Его собственный вообще не оставит следа, но успешным будет именно его собственный. Потери в покинутом жителями городе, отсутствие Энея, безумное жертвоприношение, при котором грядущее поражение охотников явственно слышалось в стонах жертвенных животных, когда они сгорали заживо. Отныне в легендах, которые сложат про эту охоту, обо всем этом не будет ни слова. И эта лишенная троп территория — его собственность, она принадлежит ночному охотнику — ему.
Он спрыгнул в русло ручья, припал к земле и стал ждать, отсчитывая секунду за секундой. Никто не крикнул ему вслед. Он пополз вверх по течению.
Дневной охотник — человек солнечный. Двойник ночного охотника живет вплоть до захода солнца. Он пышет жаром. Дневной охотник становится единым целым со своей добычей, будучи связан с ней согласным ритмом шагов вдоль следа — или ритмом бегущей в жилах крови. В конце концов они всегда сходятся в одной точке. Но ночной охотник всегда завернут в сеть, он щетинится прутьями, покрытыми птичьим клеем, он бугрится маленькими птичьими клетками. Лик луны он знает лучше, чем лицо собственной матери, и лесные тропинки помнит куда подробнее, чем линии на собственной ладони. Свет, при котором он охотится, — холодный свет.
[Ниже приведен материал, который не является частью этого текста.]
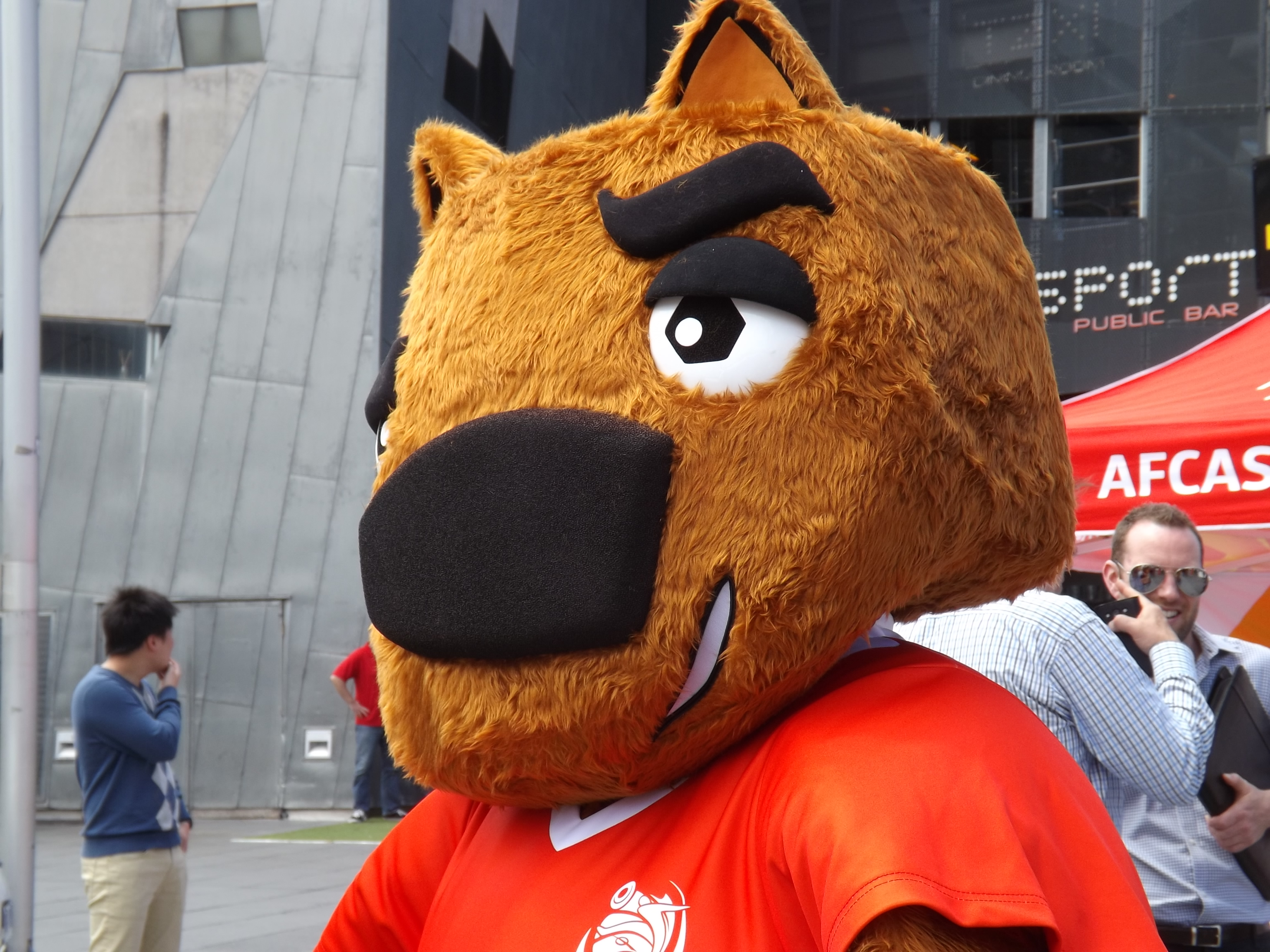 Nutmeg the wombat, mascot of the 2015 AFC Asian Cup, on tour with the cup at Federation Square.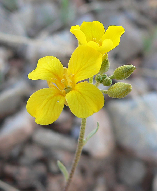 Lesquerella tenella off Northshore Drive in upper Bitter Spring Valley near the Bowl of Fire, Lake Mead National Recreation Area, southern Nevada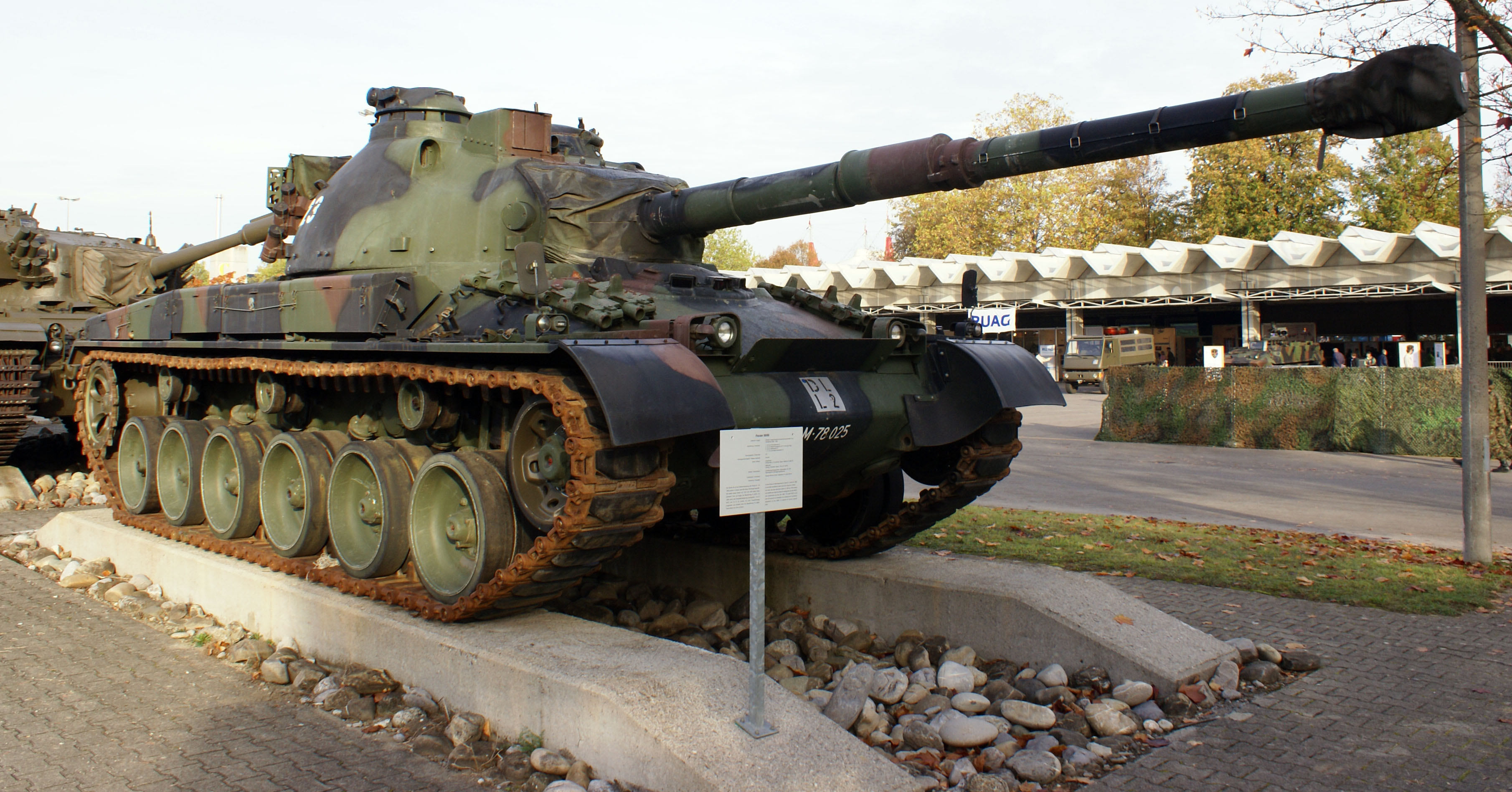 Swiss Army. Main battle tank 68/88. Tank Museum Thun.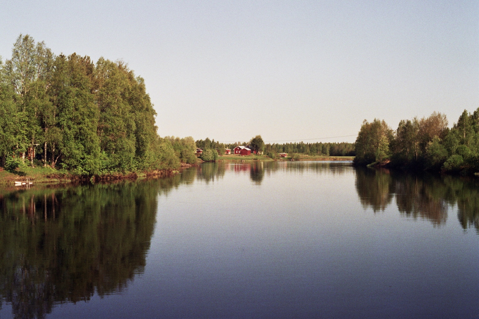 Kiiminki River in the Kiiminki municipality of Finland.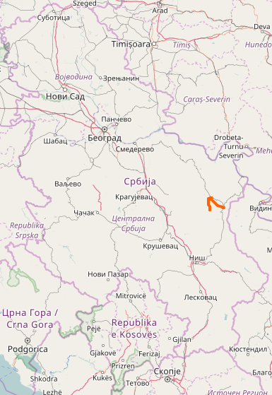 OpenStreetMap of State Road 37 in Serbia.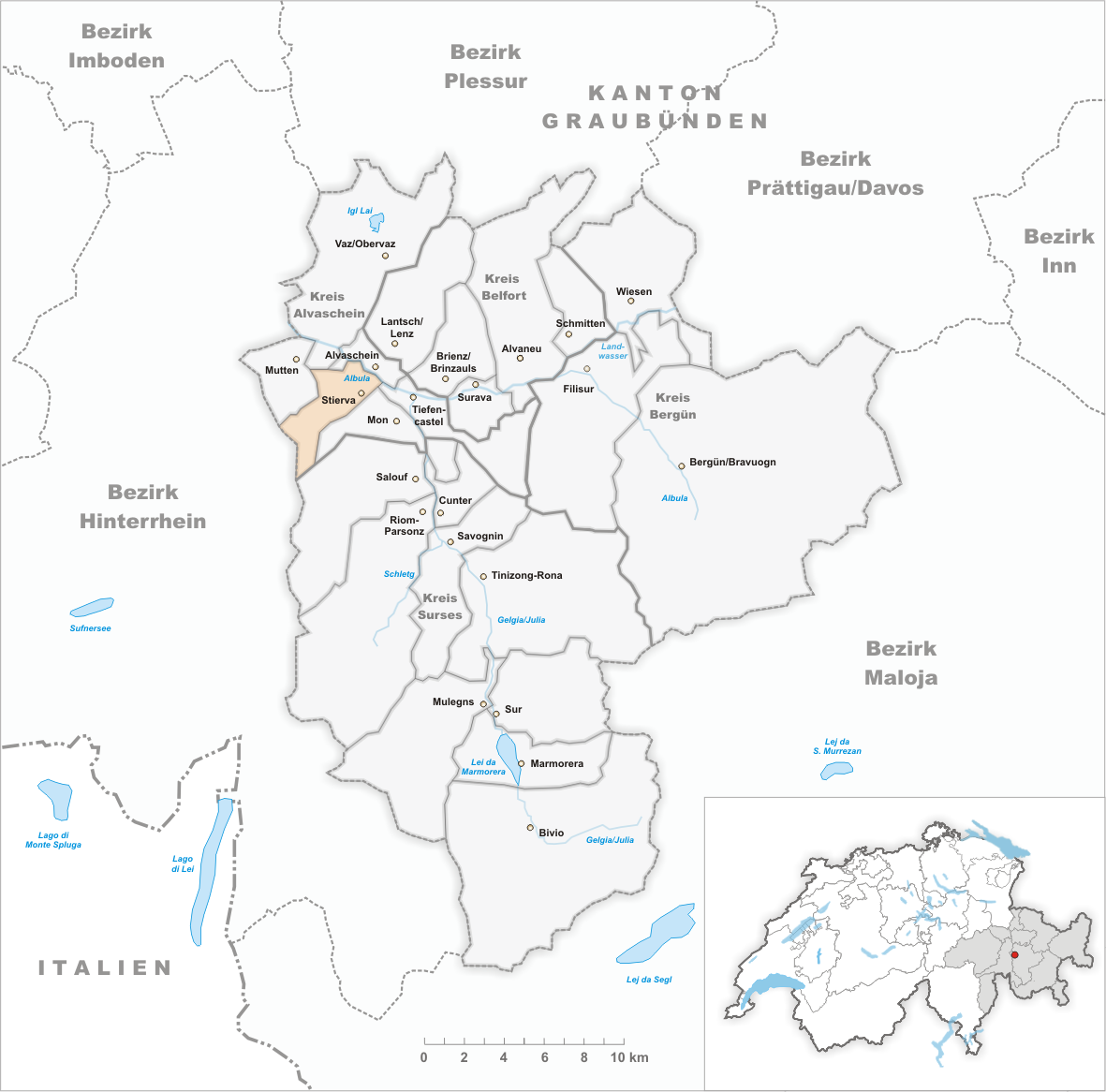 Municipality Stierva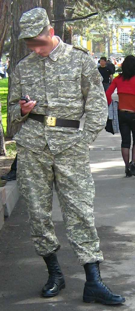 A soldier of the Kazakhstani Army when he is out of duty.

Корявые ветки плотной дубовой поросли сомкнулись над головой Меланиона. Еще немного выше по ручью, и его уже невозможно будет отличить от древесной тени. Он еще раз остановился и прислушался, нет ли за ним погони. Где-то внизу, под склоном горы, тявкали собаки. Вода журчала вокруг его коленей и запястий. Русло было вылеплено из клейкой коричневато-желтой глины, в которую ладони уходили, словно в ил. Камни, нанесенные течением на дно ручья, царапали ему колени. Дубовая поросль над головой стала гуще и поигрывала теперь разве что случайными отблесками света. Сумеречный мир. Он уперся ступнями в берега и двинулся дальше, отдав про себя должное сыновьям Фестия — они не оставили почти никаких следов, тогда как его собственные судорожные усилия оставались в глине цепочкой глубоко вдавленных отпечатков рук и ног.
Древко его копья застряло в путанице мелких ветвей над головой. Он вытянул его на себя. Колени саднило; он чувствовал, как вода бередит ранки. Русло было слишком узким, чтобы развернуться и осмотреть их. Глина уже успела вымазать его с головы до ног, засохнуть и начать отваливаться пластами; впрочем, свежий слой ложился заново всякий раз, как он оскальзывался, ибо ползти ему приходилось практически на брюхе, чтобы не соскальзывать вниз по течению. Колючий полог у него над головой то и дело прорастал вниз и царапал ему спину. Время от времени ручей принимал в себя тонкие струйки притоков. Возле каждого такого устьица русло сужалось и мешало ему двигаться вперед. Складывалось впечатление, что ползти вверх нужно будет до самого неба. Меру продвижения вперед можно было оценить только по количеству рывков и толчков, которые становились все более судорожными по мере того, как у него уставали руки и ноги. Он остановился было передохнуть, но усилий на то, чтобы удерживаться на месте, уходило ровно столько же, как на продвижение вперед. Преломленные солнечные лучи пробивались сквозь густой древесный полог: горячие дротики, бьющие в спину. Мысленным взором он то и дело проходился вдоль собственного тела, в котором привык жить и которое спеклось теперь под солнышком в какую-то ломкую шкурку. Он наблюдал со стороны за человеком, ползущим вверх по склону Аракинфа, — из будущего, в котором он, как кости в погремушке, лежал в узкой могиле из пропеченной на солнце глины, с обезьяньей ловкостью подстроившейся под контуры его тела. И на память о нем останутся клочья пустого доспеха. Корявые ветви прорастут сквозь эту раковину и будут оплетать руки и ноги до тех пор, покуда сами не высохнут на раскаленных летних ветрах, не сгорят и не оставят обугленный черепаший панцирь — добычу для любопытных глаз и назойливых пальцев. Чьих? И чьи губы сложатся, чтобы произнести вслух имя, написанное на пергаментной коже, в память о живом существе, которым он был когда-то: Меланион?